I play an online game where you open crystals to get certain prizes of varying rarity. It's shocking the strategies people come up with, despite the devs being very clear that the probabilities are constant from crystal to crystal. Some people open them 1 at a time, some open 10 at a time, some open 1 until they get something good then open 10. Some open at certain times of day, or when someone else gets something good. It's all nonsense and confirmation bias, you should see the confidence people get when their strategy "works". They'll never change it again.

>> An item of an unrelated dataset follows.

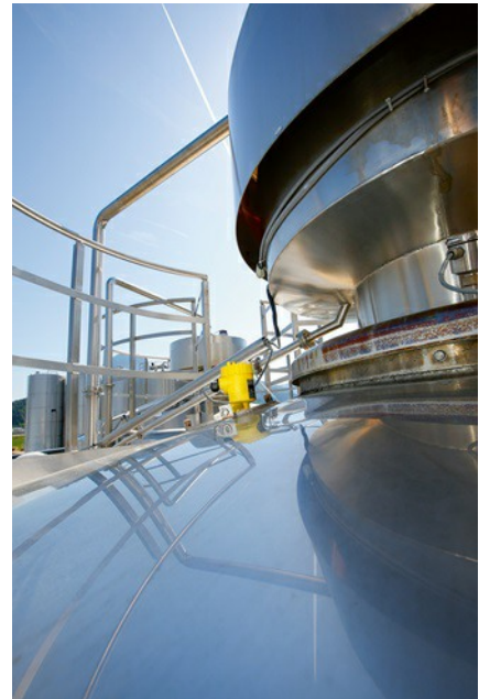
VEGAPULS 64 measures the level reliably in the whey tanks.

In the past, many tanks were equipped with level measuring systems, but these were usually delivered within the framework of a complete contract. In practice, this did not always prove to be particularly successful as the equipment suppliers were not level measurement specialists. A differential pressure system with sensors near the tank bottom was often supplied as standard equipment. From a maintenance point of view this was very labour intensive, as Schneider reports. "During the cleaning of the whey tanks, for example, mechanical damage to the diaphragm in the pressure transducers would occur again and again when a wrench fell into the tank." Another situation: the tanks are meticulously inspected at regular intervals. To do this, the milk technician has to climb into the tanks to inspect them from the inside. Again, there was a risk that the pressure transducers attached to the base could be damaged during each inspection.

This forum is full of posts talking about how the top is in, the market has peaked, the bubble is soon to burst, etc. They come around every few months. Unfortunately most of them get lost in the mix, but if you search hard enough you can find them. This one was started in April of last year, we're currently up approximately 13% from the day it was posted. You can find them going all the way back to the start of the forum if you care to look. Most of them have very convincing theories about how we're overdue for a recession (been saying that since about 2012), the P/E ratio is inflated compared to historical averages (again, since probably 2012), America is dying due to foreign competition, etc etc.
https://forum.mrmoneymustache.com/investor-alley/top-is-in/Here's one from 2013, just went back through pages and randomly found it:
https://forum.mrmoneymustache.com/investor-alley/doom-and-gloom/Another one:
https://forum.mrmoneymustache.com/investor-alley/stock-market-expensive-now-alternatives/While the Shiller PE isn't near historical highs your statement is a little misleading/misinformed as there really are only three periods in the history where the Shiller PE was higher than now - right before the great depression and before the dot com crash and just slightly above where we are prior to the financial crisis.
So there may be room to run and push the markets but history is not on the side of good returns from this point.
We're up 51% since this post was made. A year after this post was made the market was up 15%. 2 months after this post was made the market was up 4.5%. The S&P 500 has never been lower than it was on Oct 28, 2013, since Oct 28, 2013 (at least, based on the resolution in my yahoo chart). Anyone who waited starting then lost money, no matter how perfect they timed a future drop.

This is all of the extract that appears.